[Biophp-dev] export/write object

S Clark biophp-dev@bioinformatics.org
Wed, 14 May 2003 10:59:02 -0600


On Sunday 11 May 2003 11:52 am, nicos@itsa.ucsf.edu wrote:
[...]
>
> Clustalw.  Have a look at the code in cvs.

Which, incidentally, I'd accidentally broken on a previous
commit - I fixed it again yesterday.  Should be working now.

I also committed the initial implementation of the "handle common
synonyms" layer (_convertTerms()) for translating common
terms to the terms used in the seq object.

> Actually, I do think that names and naming conventions are going to be
> important in the long run.  How well we choose the names, naming
> conventions and how well we stick to them will determine how easy biophp
> can be used.

Some combination of "write" (or "export") and "seq" seems appropriate to me
for this particular section.  I kind of like "export" just because
it doesn't imply that the destination of the data going out is 
a file (or printout :-) ), but that's pure semantic niggling and
doesn't really matter...

> But first a strcuture for the IOwrite class.
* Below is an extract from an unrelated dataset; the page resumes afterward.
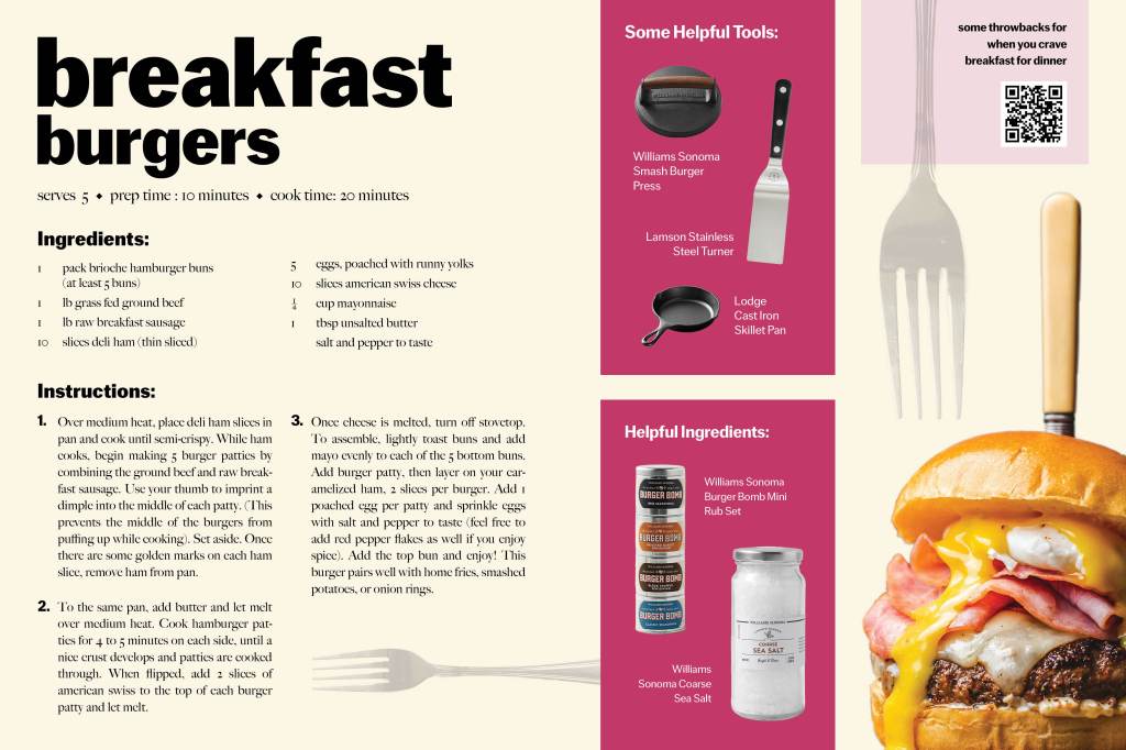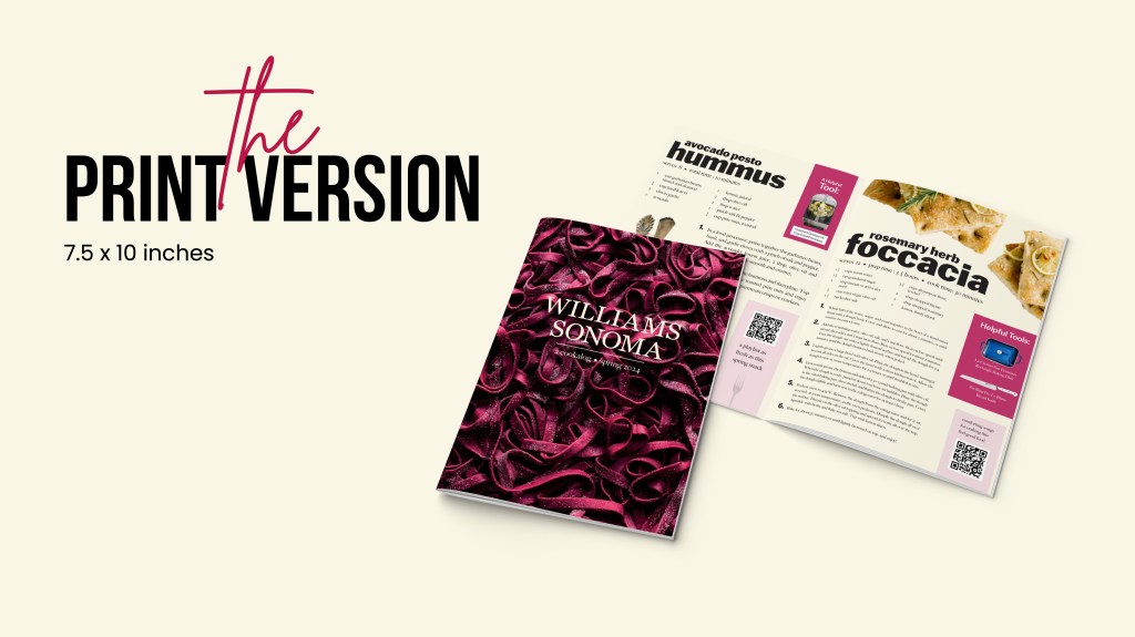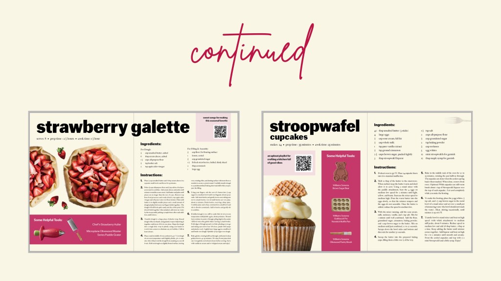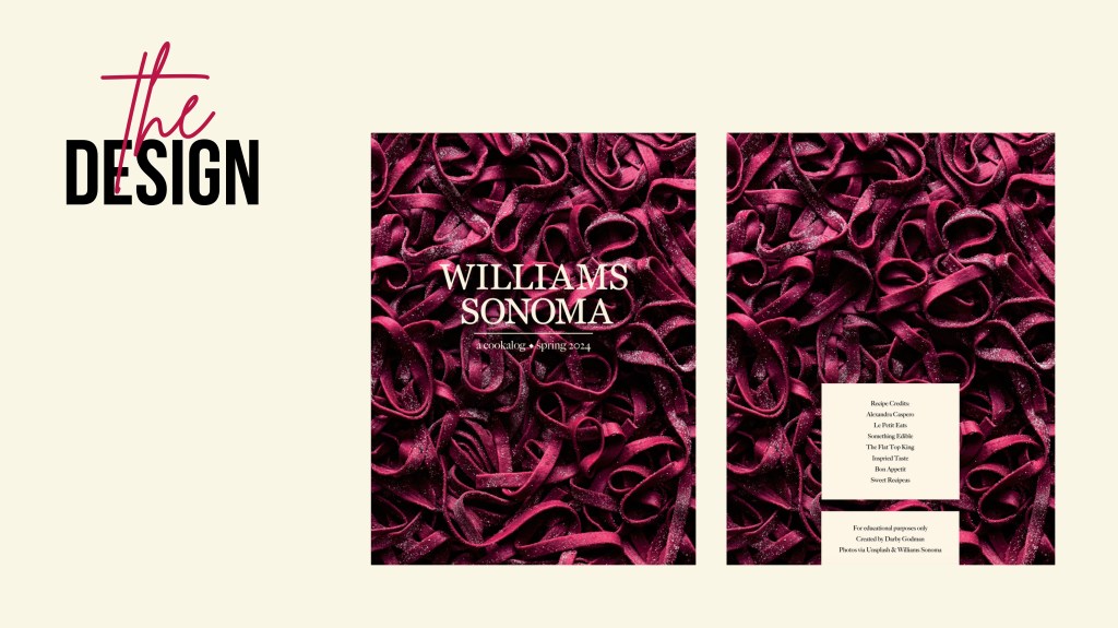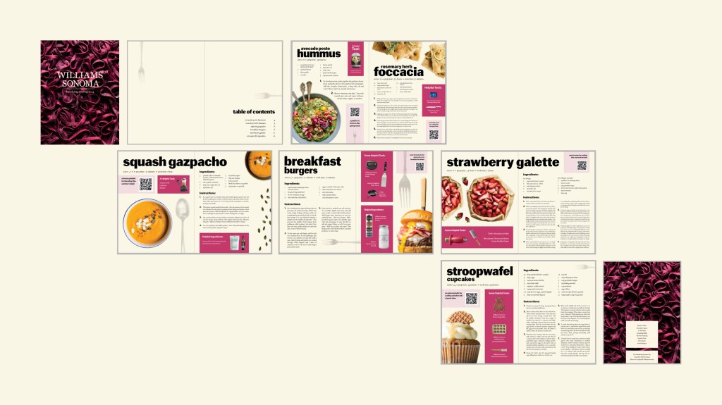 For my senior project, I decided to go about creating a combination of a brand catalog and a cookbook, showcasing Williams Sonoma products in real recipe scenarios. With Williams Sonoma being a globally-recognized brand with loyal followers, I wanted to create something that would attract new, younger customers who may not know much about the brand or its stores. The finished “cookalog” is something that customers would pick up (for free) in-store then take home, able to soon after create their own memorable experiences and dishes, keeping them coming back to the store for more.

I would go for a constructor
> that takes an argument specifying the type of output desired (string,
> array, file, filehandle?, or simply always return a string?), and the
> type of sequence file desired (fasta,swissprot, genbank, etc..).  There
> should be a IO->write->add($seq) function that calls seq_factory, which
> should translate the items of object $seq in items that can be directly
> incorporated in the output.  The actual 'write' methods could almost be
> just a template where php's variable interpolation can do the work.

Hmmm, how's this:

1) Add a "getAsArray()" method to the seq object, which returns an
array containing all of the 'set' attributes and their values (key=attribute
["sequence","id", etc.], value=value of that attribute).  This
will also substitute as a "wrapper" for all of the other interface methods
at once (i.e. so the user doesn't have to do "getId(); getSequence();"
(etc...) if they want all of the seq object's data.)

2)The IOwrite (or IOWriteSeq?) should include methods to set the destination
(as you describe above - string, array, file, handle...) and type. (this way
the user can use the same instance of the writer object to produce multiple
files if desired).

3)The IOwrite object can have a "stack" where the extracted attributes get
stored as "generic arrays" (this way someone can write a file converter
[e.g. genbank to fasta, or clustal to phylip] without the extra baggage of
creating seq objects [which are only going to be read back out of and
destroyed anyway in that case] - the 'fetchRawRecord()' method of the Parse
object is for this sort of thing).

4)if given (to an "add()" method) an "array" of attributes, IOWrite
just shoves them on the stack. If passed a seq object , IOWrite calls its
"getAsArray()" method and shoves the results of that on the stack.  (The
"stack" is necessary when export is to interleaved file formats).  We MIGHT
include a "write()" (or some similar name) method to allow bypassing
the "stack" and writing immediately for non-interleaved formats (returns false
if called while set to an interleaved format).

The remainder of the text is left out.